Click thumbnails to launch in-page gallery
Nestled in between a highway and a railroad track, this small oak savanna remnant is described as one of the Michigan Nature Association’s (MNA) highest quality prairie/savanna remnants in Michigan, despite its small size.
The Sauk Indian Trail Prairie Plant Preserve is located west of Sturgis, adjacent to US-12 and is part of the Old Sauk Trail, the historical route between Chicago and Detroit. The entire prairie remnant is now partially owned by MNA, the Michigan Department of Transportation (south portion bordered by US-12) and the Michigan Southern Railroad (north portion).
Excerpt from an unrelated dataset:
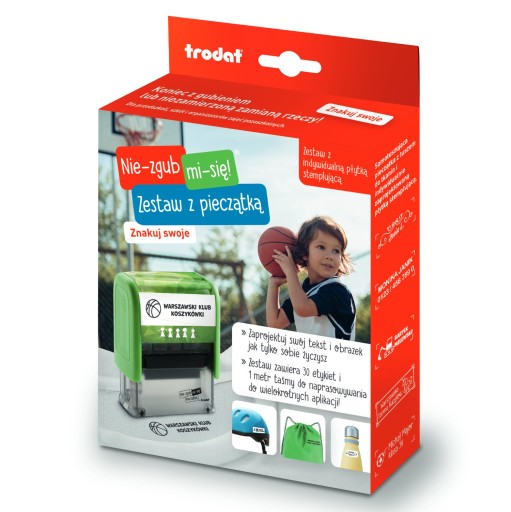 Pieczątki „Nie-zgub Mi-się” umożliwiają błyskawiczne znakowanie wszystkich przedmiotów, chroniąc je tym samym przed zgubieniem lub przypadkową zamianą. Przebadany dermatologicznie, trwały tusz zostawia wyraźne i trwałe odbicia, odporne na pranie i zmywanie w zmywarce, zarówno na tekstyliach, taśmie do naprasowywania i trwałych naklejkach. Zestaw z drukarenką zawiera: pieczątkę, komplet liter, cyfr i ikonek, pozwalających na układanie i zmianę własnego tekstu w każdym momencie, czarną wkładkę tuszującą, a także taśmę do naprasowywania na ciemnych tkaninach oraz etykiety do naklejania na przedmiotach innych niż z tkanin. - 30 etykiet w jednym rozmiarze do naklejania na przedmiotach innych niż z ! Płytka tekstowa, z odbiciem o wielkości 38x14 mm do wykonania odbicia u stemplarza Pieczątka może być wykorzystywana bardzo długo, dzięki zestawowi uzupełniającemu z dodatkowym wkładem tuszującym, taśmą do naprasowywania i etykietami.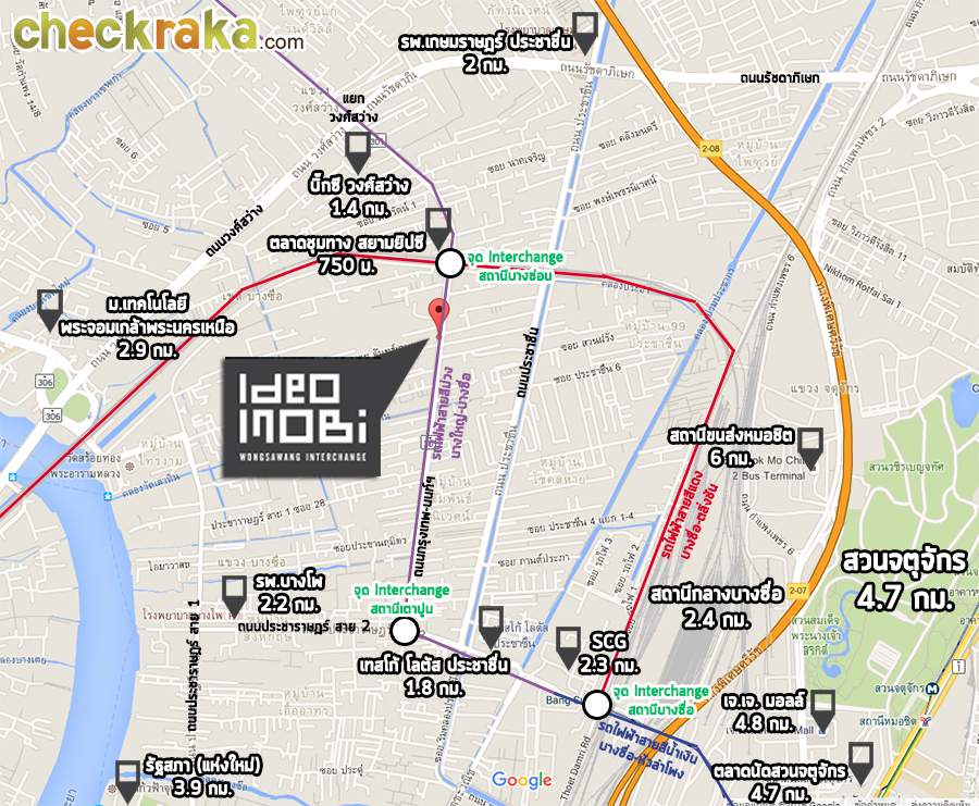 แผนที่โครงการ "ไอดีโอ โมบิ วงศ์สว่าง-อินเตอร์เชนจ์ (Ideo Mobi Wongsawang-Interchange)"

The sanctuary is composed of the unplowed remnants of an oak openings community along a railroad track. Remnants of this community type contain prairie vegetation in the understory and are often referred to as prairies, though they are historically part of a savanna community.
The sanctuary contains a number of woody species typical of oak savanna, including hazelnut black oak and bur oak.
Prairie wildflowers including butterfly weed, woodland sunflower, yellow coneflower, round-headed bush clover, Virginia mountain mint and smooth Solomon’s seal are found here. Native prairie grasses include big bluestem and Indiangrass are the dominant warm season grasses.
Sauk Indian Trail is threatened by the encroachment of aggressive native and non-native plant species, including smooth sumac which could potentially shade over sunlight-requiring prairie and savanna vegetation in the absence of management. Several non-native invasive species including yellow sweet clover, white sweet clover, spotted knapweed, Kentucky bluegrass and black swallow-wort threaten the savanna community.
Active ecological management of Sauk Indian Trail Preserve began in 2006. Prior to that time, the preserve received little management. MNA volunteers now perform prescribed burns and invasive species management. The native forbs and grasses have responded favorably to the use of prescribed fire since its implementation.
This small prairie is rich in both plant life and history and greets the visitor with a colorful but wistful remembrance of Michigan’s prairie and savanna heritage.
Planning Your Visit:
The best time to visit Sauk Indian Trail is July, when the summer wildflowers are blooming and big bluestem and Indiangrass are reaching head-high. However, visits anytime between June and October will reveal blooming wildflowers.
How to Get There:
The Sauk Indian Trail Prairie Plant Preserve is located west of Sturgis, adjacent to US-12 and is part of the Old Sauk Trail. It is on the north side of US-12 and west of Shimmel Road. Parking is available along the side of the road.